- Exercise materials
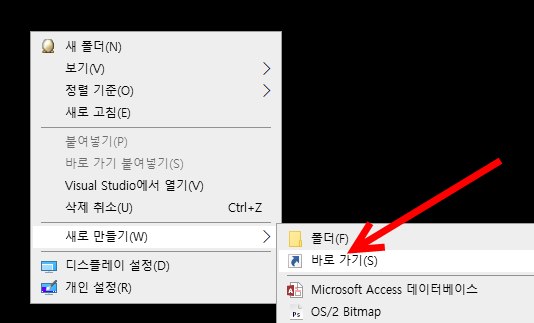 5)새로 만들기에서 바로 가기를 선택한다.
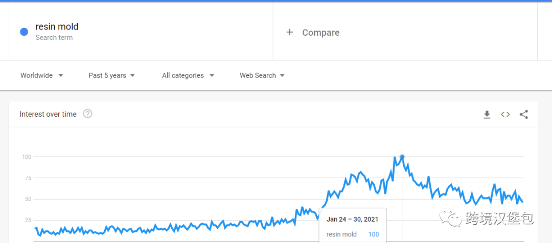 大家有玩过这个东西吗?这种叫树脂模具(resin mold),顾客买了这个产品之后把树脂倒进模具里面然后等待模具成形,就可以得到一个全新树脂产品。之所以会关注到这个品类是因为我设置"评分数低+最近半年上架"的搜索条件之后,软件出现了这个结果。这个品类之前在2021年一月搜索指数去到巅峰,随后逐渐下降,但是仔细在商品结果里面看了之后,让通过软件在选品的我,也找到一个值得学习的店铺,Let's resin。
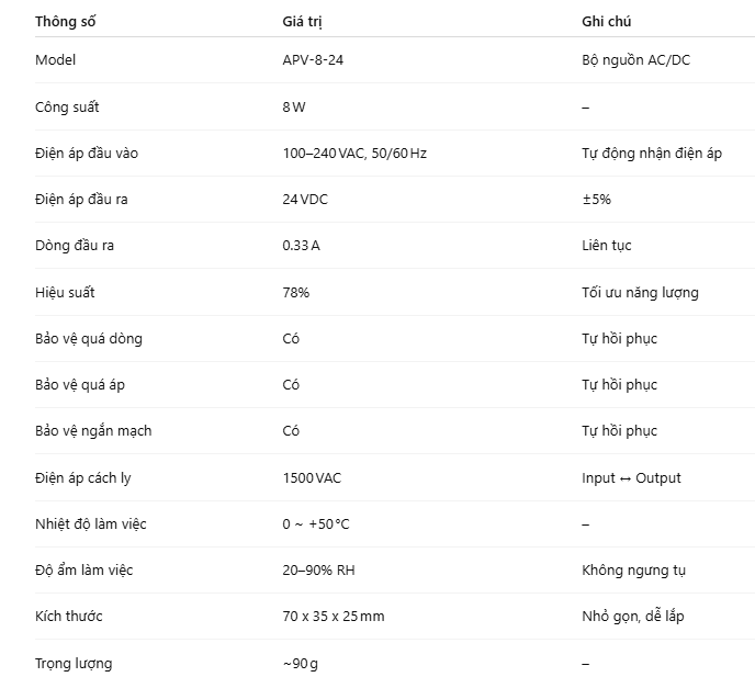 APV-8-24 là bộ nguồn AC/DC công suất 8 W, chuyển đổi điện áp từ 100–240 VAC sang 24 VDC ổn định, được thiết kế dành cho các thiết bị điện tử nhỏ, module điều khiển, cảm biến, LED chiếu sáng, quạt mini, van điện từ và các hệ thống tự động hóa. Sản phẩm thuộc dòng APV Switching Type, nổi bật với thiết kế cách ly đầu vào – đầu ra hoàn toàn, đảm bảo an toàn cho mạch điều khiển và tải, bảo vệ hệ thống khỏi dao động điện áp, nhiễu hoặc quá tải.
...
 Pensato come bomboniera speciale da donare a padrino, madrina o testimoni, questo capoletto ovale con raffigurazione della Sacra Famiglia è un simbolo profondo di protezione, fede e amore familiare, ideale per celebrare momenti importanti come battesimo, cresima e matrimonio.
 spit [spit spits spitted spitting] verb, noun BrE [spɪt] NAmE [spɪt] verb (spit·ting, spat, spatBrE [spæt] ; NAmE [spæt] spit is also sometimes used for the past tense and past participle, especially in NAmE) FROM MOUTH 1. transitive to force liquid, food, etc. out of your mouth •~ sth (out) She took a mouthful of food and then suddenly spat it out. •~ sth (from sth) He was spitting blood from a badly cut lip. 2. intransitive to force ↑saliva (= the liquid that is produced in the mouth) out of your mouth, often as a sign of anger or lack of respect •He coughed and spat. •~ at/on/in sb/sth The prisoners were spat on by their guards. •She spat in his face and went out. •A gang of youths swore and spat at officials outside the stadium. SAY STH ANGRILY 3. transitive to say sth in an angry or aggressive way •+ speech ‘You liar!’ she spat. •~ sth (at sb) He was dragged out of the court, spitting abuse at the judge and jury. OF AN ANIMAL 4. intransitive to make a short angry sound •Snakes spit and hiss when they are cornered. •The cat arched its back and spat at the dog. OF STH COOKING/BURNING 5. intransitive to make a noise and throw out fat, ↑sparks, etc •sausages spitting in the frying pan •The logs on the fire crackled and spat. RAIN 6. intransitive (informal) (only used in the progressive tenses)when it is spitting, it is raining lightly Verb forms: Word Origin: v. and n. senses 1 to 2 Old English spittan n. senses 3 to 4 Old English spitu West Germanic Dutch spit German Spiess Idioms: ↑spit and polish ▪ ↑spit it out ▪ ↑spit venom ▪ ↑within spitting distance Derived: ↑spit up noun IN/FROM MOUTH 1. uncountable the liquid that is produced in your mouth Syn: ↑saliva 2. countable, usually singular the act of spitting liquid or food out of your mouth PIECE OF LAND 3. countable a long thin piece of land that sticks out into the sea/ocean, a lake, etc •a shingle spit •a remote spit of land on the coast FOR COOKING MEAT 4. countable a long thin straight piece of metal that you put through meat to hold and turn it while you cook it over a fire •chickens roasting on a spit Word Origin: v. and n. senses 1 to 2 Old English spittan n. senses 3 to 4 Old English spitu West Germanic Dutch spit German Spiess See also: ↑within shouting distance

- Task goal
Reproduce the data above exactly, but only from the line containing "5)새로 만들기에서 바로 가기를 선택한다." through the line containing "APV-8-24 là bộ"; skip the pictures.

- Answer to this exercise
 5)새로 만들기에서 바로 가기를 선택한다.
 大家有玩过这个东西吗?这种叫树脂模具(resin mold),顾客买了这个产品之后把树脂倒进模具里面然后等待模具成形,就可以得到一个全新树脂产品。之所以会关注到这个品类是因为我设置"评分数低+最近半年上架"的搜索条件之后,软件出现了这个结果。这个品类之前在2021年一月搜索指数去到巅峰,随后逐渐下降,但是仔细在商品结果里面看了之后,让通过软件在选品的我,也找到一个值得学习的店铺,Let's resin。
 APV-8-24 là bộ nguồn AC/DC công suất 8 W, chuyển đổi điện áp từ 100–240 VAC sang 24 VDC ổn định, được thiết kế dành cho các thiết bị điện tử nhỏ, module điều khiển, cảm biến, LED chiếu sáng, quạt mini, van điện từ và các hệ thống tự động hóa. Sản phẩm thuộc dòng APV Switching Type, nổi bật với thiết kế cách ly đầu vào – đầu ra hoàn toàn, đảm bảo an toàn cho mạch điều khiển và tải, bảo vệ hệ thống khỏi dao động điện áp, nhiễu hoặc quá tải.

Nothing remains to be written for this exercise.